Challenge existing paradigms is often the first step in creating a profitable ranching operation. Dallas points out that there’s a prevalent belief that ranching can’t be profitable, which can make attempts to change or innovate moot.

For example, Dallas notes that often, the animals NOT deemed “high quality” by industry standards end up being the most profitable. This challenges another common belief: that doing things the “right” way is the only path to a profitable ranch.

Trying to do things the “right” or “traditional” way can also leave owners with incompetent management. Dallas emphasizes the need for a shift in decision-making authority. In many agricultural businesses, decisions are held tightly by the older generation, focused on wealth preservation. Dallas advocates for transitioning this authority to the younger generation, eager to seek new opportunities, such as new models of ownership. At Ranch Investor, we offer a Direct Participation Program where you can claim your stake in a ranch and enjoy the benefits without the burden of operation, starting with a $50,000 investment. Learn more here

Find the Right Manager for a Profitable Ranch

Competent management is at the center of all successful ranches. All too often, a new owner hires a lifelong resident of the area, often an excellent cowboy or foreman, to run the ranch. But is this person equipped to manage a multi-million dollar asset with significant annual turnover?

Dallas’s advice is clear: look for competent business managers. It’s not just about managing livestock or grass; it’s about understanding the owner’s values and vision for the ranch. Whether it’s maintaining a welcoming atmosphere, prioritizing healthy natural resources, or ensuring the ranch is financially self-sustaining, a competent manager will be able to articulate and execute these goals.

If you’re interested in the potential in ranching but are wary of the operational challenges, Ranch Investor offers expert management dedicated to ensuring that ranches under our care are managed efficiently and profitably. As a Limited Partner with Ranch Investor, you gain partial ownership of a ranch alongside other Accredited Investors, as well as seamless management. This not only diversifies your investment and ensures profitability, but also relieves you of the complexities of ranch management.

Understand the Role of a Ranch Manager

When ranch owners say they want a “ranch manager” but list tasks like fixing machines or checking water, they’re actually describing a ranch labor unit. A true manager will develop plans, budget, strategize, and communicate with ownership.

In agricultural and ranching businesses, management is the biggest factor determining long-term profit or loss. Yet, ranchers often focus on uncontrollable factors like weather, market fluctuations, and government actions. Dallas challenges this mindset, emphasizing that high market prices don’t necessarily equate to business success.

The difference competent management can make is staggering.

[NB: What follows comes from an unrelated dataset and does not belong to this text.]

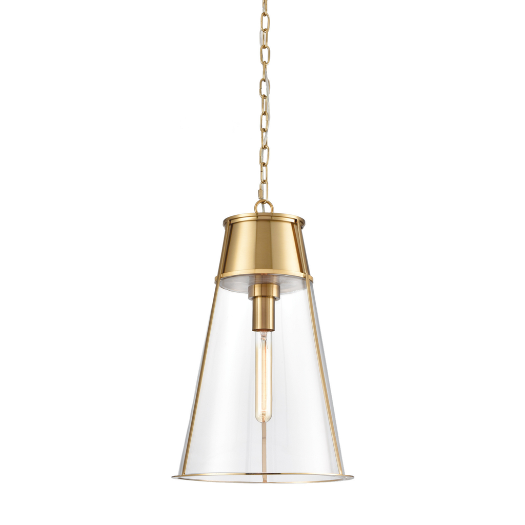 Generous in scale, and made of a modern mix of brass and glass, this pendant is a handsome fixture. Over an island, in an entry or foyer, a solid choice.

Dallas mentions that it’s not uncommon to see ranches under incompetent management incurring financial losses of $300,000 to $400,000 annually. With the right manager in place, these losses can be turned around, leading to a break-even point or profitability.

Lean Into the Future of Ranching

The next 10 years are going to be an exciting and volatile time in the ranching industry as generational ownership changes.

With advancements in technology, one could assess the health of landscapes simply by using tools like Google Earth. This will bring clarity to which ranches are well-managed ecologically and which aren’t.

Dallas also predicts a growing demand for competent ranch managers as the divide between ownership and operation continues. Many owner-operators, according to Dallas, are currently running their ranches into the ground. With new owners stepping in, there’s hope for improvements in land and soil health, leading to more profitable businesses that can support rural communities.